--- DATA TO PROCESS ---

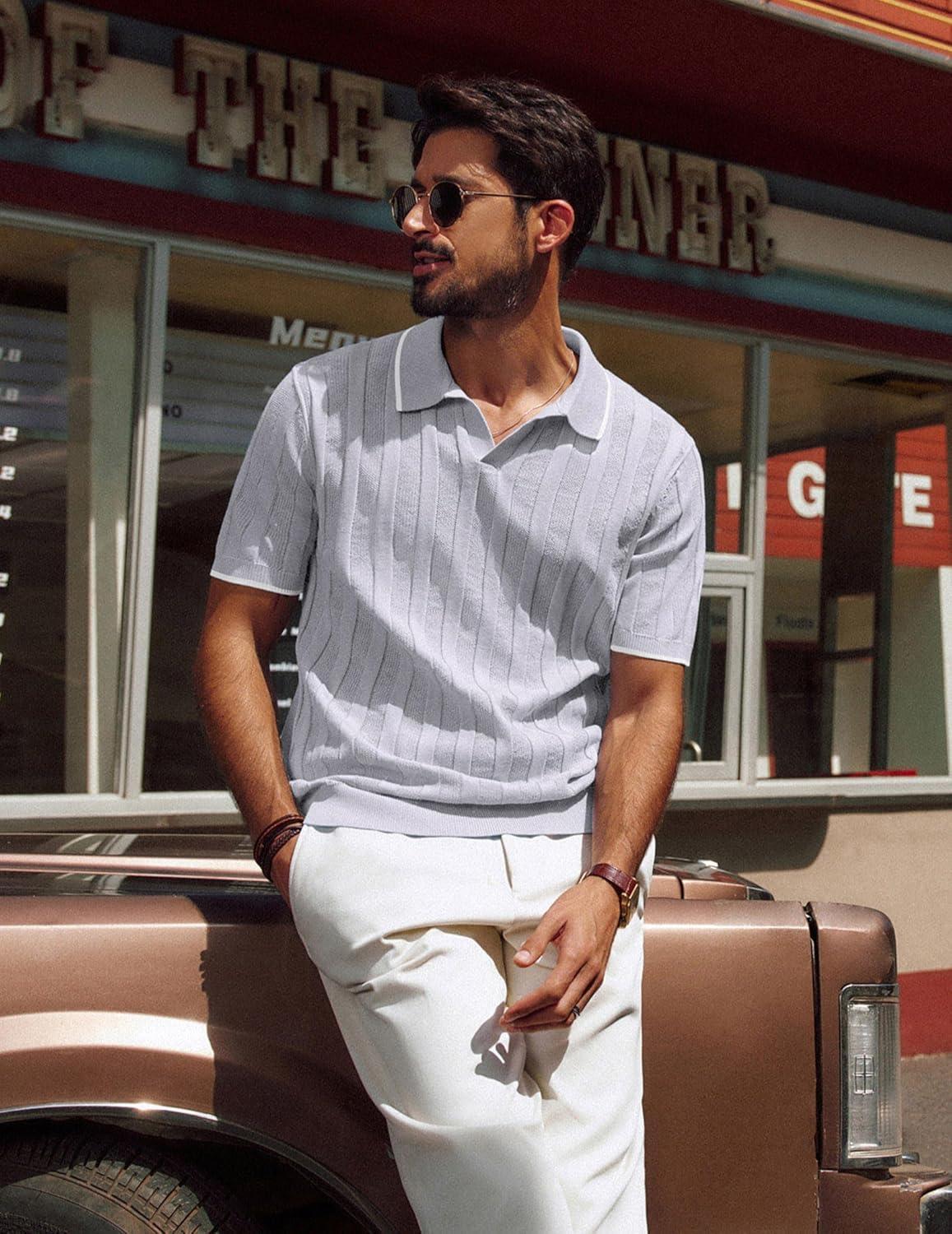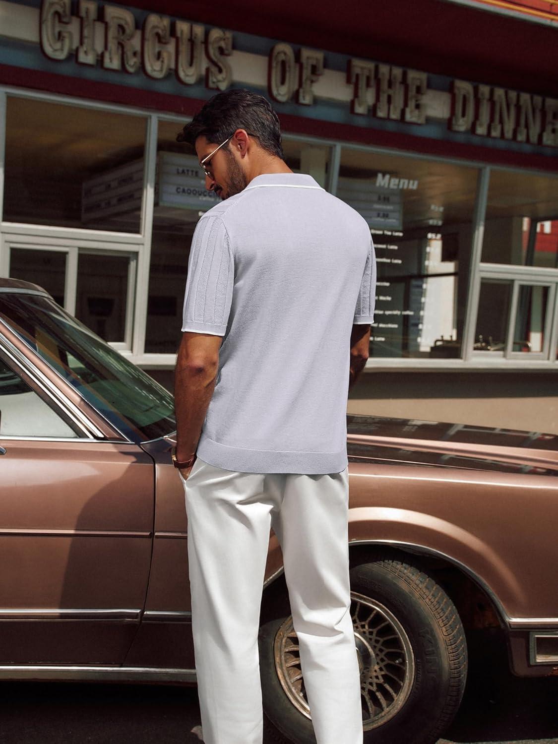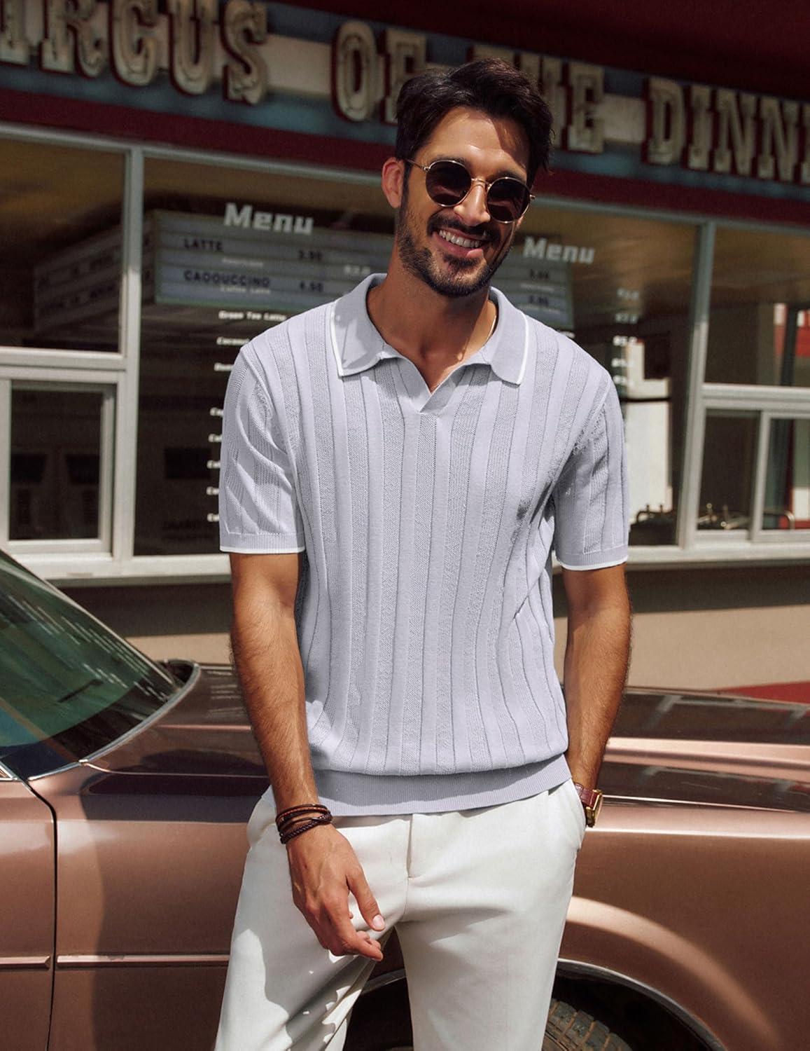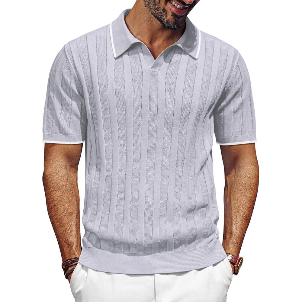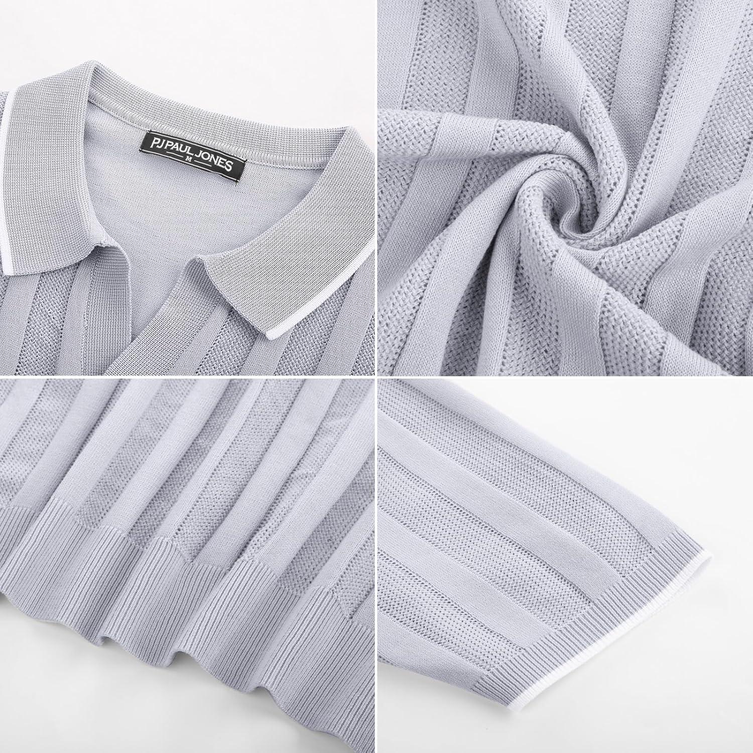 PJ PAUL JONES Mens Polo Shirts Regular Fit Textured V-Neck Knit Golf Polos(Light Grey Contrast)
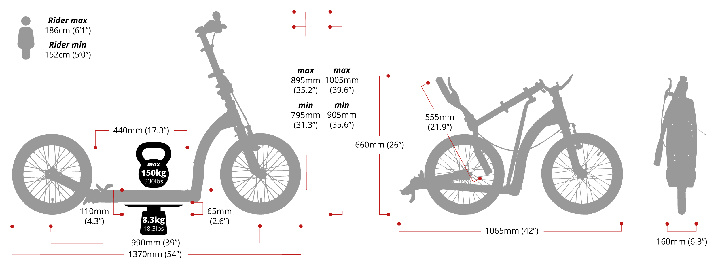 • Lightweight (8.3kg), adjustable and foldable
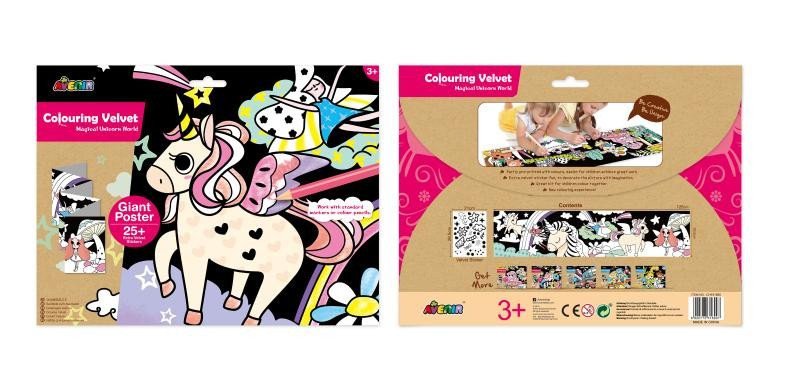 The colorful velvet poster is a wonderful long banner measuring 126 cm x 29.5 cm. The banner is partially pre-printed in color and contains white areas where children can color. The set comes with over 25 velvet stickers that create a masterpiece. 126 cm x 29.5 cm Age 3+
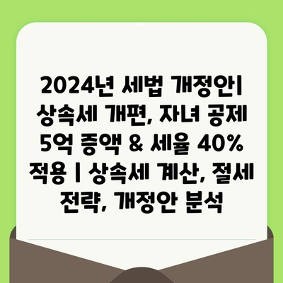 2024년 세법 개정안| 상속세 개편, 자녀 공제 5억 증액 & 세율 40% 적용 | 상속세 계산, 절세 전략, 개정안 분석
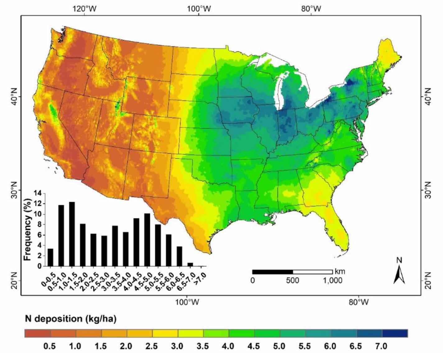 Figure 1. Spatial distribution of averaged nitrogen deposition in CONUS during the year 1986–2015.
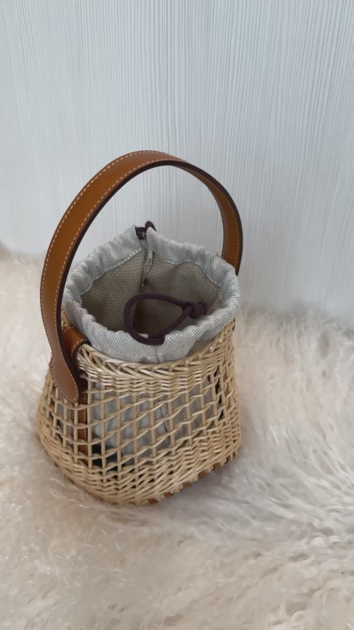 The Hermes Picnic Sabot bag is a captivating masterpiece that perfectly embodies the spirit of leisurely luxury. This exquisite piece is a testament to Hermes' innovative design ethos, blending traditional craftsmanship with whimsical charm. The body of the bag is intricately woven from high-quality Osier wicker, a material that evokes a sense of nostalgia and rustic elegance, the shape an interpretation of a horse’s hoof. The wicker's natural texture and warm, earthy tones bring to mind serene countryside escapades and elegant outdoor soirees. Complementing the wicker's artisanal beauty is the luxurious Barenia leather trim, renowned for its smooth, supple feel and the ability to develop a rich and lustrous patina over time. This harmonious blend of materials creates a striking contrast, showcasing Hermes' prowess in marrying different textures to create something truly unique. This is a new design from 2023 that is still in store-fresh condition. Base length: 6.75", Width: 6.75", Height: 7.75", Drop: 10.50"

---

▸ EXERCISE OBJECTIVE
Given the listing above, retype only the span of lines from the line with "The colorful velvet" up to and including the line with "Figure 1. Spatial", exactly as it stands and without pictures.

▸ ANSWER SECTION
 The colorful velvet poster is a wonderful long banner measuring 126 cm x 29.5 cm. The banner is partially pre-printed in color and contains white areas where children can color. The set comes with over 25 velvet stickers that create a masterpiece. 126 cm x 29.5 cm Age 3+
 2024년 세법 개정안| 상속세 개편, 자녀 공제 5억 증액 & 세율 40% 적용 | 상속세 계산, 절세 전략, 개정안 분석
 Figure 1. Spatial distribution of averaged nitrogen deposition in CONUS during the year 1986–2015.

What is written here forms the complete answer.